Even though Saban deflects much of the credit for Alabama’s consistent excellence, those around him recognize his special qualities.

“No one realizes how much mental effort and execution and ideas that Coach Saban puts into the game,” said Kirby Smart, who served as Alabama’s defensive coordinator for the final time in his transition to becoming head coach at Georgia. “I don’t get into comparisons, but I will say that he is very, very good at what he does.”

Smart reiterated in the locker room after the game that winning in the current landscape of college football makes Saban’s achievements even greater.

“To win four national championships in seven years, in a world where the parity is so great in college football, is so incredible,” Smart said. “You gotta change quarterbacks every year, kids come and go, kids transfer, it’s just a different world of college football.

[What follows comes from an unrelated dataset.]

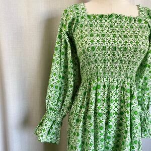 Elizabeth Wilson 100% Cotton Green White Smocked Ruched Floral Maxi Dress Small

It speaks volumes to his coaching ability.”

Alabama’s feat of winning four championships in seven years has only been duplicated once in the modern history of college football, when Notre Dame, under Frank Leahy, became consensus champions in 1943, 1946, 1947 and 1949.

“It’s a tremendous accomplishment by a lot of great people, a lot of great coaches, and a lot of great players, a lot of whom were at the game last night,” Saban said Tuesday morning. “That really makes us proud that they’re great ambassadors for the university.”

Quarterback Jake Coker said that going beyond football, Saban’s character makes players want to do the best they can for him.

“His grasp on the things that are more important in life makes him a special coach,” said Coker. “Everyone wants to make coach proud.”

Sometimes Saban looks back and can’t believe how great the game of college football has been to him.

“If somebody would have told me then that this would have happened, I would have said, ‘I think you’re crazy,’” Saban said.

When asked about his future on Tuesday morning, Saban said he still has a strong drive to coach and be around the game.

“I’ve been a part of a team since I was nine years old,” said Saban. “It scares me to ever think of the day when I wouldn’t be a part of the team.”

“That’s kind of how I feel about it. I know you can’t do this forever, but I certainly enjoy the moment and certainly look forward to future challenges.”